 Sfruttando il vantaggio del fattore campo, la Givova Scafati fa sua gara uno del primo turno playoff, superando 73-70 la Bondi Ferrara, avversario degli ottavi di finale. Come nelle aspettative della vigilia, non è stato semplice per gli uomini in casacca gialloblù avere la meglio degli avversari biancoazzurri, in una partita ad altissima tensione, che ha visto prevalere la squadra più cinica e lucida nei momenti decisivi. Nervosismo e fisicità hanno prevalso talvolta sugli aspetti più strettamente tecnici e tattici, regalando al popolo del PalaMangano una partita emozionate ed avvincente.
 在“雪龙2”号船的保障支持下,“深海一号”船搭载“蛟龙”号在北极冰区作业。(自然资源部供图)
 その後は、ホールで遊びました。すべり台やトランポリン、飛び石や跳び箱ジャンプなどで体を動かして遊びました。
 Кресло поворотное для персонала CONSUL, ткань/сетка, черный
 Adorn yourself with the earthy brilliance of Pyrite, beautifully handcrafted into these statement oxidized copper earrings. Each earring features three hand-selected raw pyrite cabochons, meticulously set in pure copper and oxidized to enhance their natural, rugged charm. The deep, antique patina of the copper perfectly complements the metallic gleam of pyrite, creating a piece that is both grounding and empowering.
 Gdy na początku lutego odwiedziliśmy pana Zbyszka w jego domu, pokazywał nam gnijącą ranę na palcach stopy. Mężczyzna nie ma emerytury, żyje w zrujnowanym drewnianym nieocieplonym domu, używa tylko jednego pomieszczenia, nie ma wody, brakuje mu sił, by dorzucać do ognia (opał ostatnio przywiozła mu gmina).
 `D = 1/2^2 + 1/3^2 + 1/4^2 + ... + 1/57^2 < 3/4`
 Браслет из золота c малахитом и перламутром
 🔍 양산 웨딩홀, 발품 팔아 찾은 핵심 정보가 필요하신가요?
——
What to produce: Repeat the data word for word.

Output below:
 Sfruttando il vantaggio del fattore campo, la Givova Scafati fa sua gara uno del primo turno playoff, superando 73-70 la Bondi Ferrara, avversario degli ottavi di finale. Come nelle aspettative della vigilia, non è stato semplice per gli uomini in casacca gialloblù avere la meglio degli avversari biancoazzurri, in una partita ad altissima tensione, che ha visto prevalere la squadra più cinica e lucida nei momenti decisivi. Nervosismo e fisicità hanno prevalso talvolta sugli aspetti più strettamente tecnici e tattici, regalando al popolo del PalaMangano una partita emozionate ed avvincente.
 在“雪龙2”号船的保障支持下,“深海一号”船搭载“蛟龙”号在北极冰区作业。(自然资源部供图)
 その後は、ホールで遊びました。すべり台やトランポリン、飛び石や跳び箱ジャンプなどで体を動かして遊びました。
 Кресло поворотное для персонала CONSUL, ткань/сетка, черный
 Adorn yourself with the earthy brilliance of Pyrite, beautifully handcrafted into these statement oxidized copper earrings. Each earring features three hand-selected raw pyrite cabochons, meticulously set in pure copper and oxidized to enhance their natural, rugged charm. The deep, antique patina of the copper perfectly complements the metallic gleam of pyrite, creating a piece that is both grounding and empowering.
 Gdy na początku lutego odwiedziliśmy pana Zbyszka w jego domu, pokazywał nam gnijącą ranę na palcach stopy. Mężczyzna nie ma emerytury, żyje w zrujnowanym drewnianym nieocieplonym domu, używa tylko jednego pomieszczenia, nie ma wody, brakuje mu sił, by dorzucać do ognia (opał ostatnio przywiozła mu gmina).
 `D = 1/2^2 + 1/3^2 + 1/4^2 + ... + 1/57^2 < 3/4`
 Браслет из золота c малахитом и перламутром
 🔍 양산 웨딩홀, 발품 팔아 찾은 핵심 정보가 필요하신가요?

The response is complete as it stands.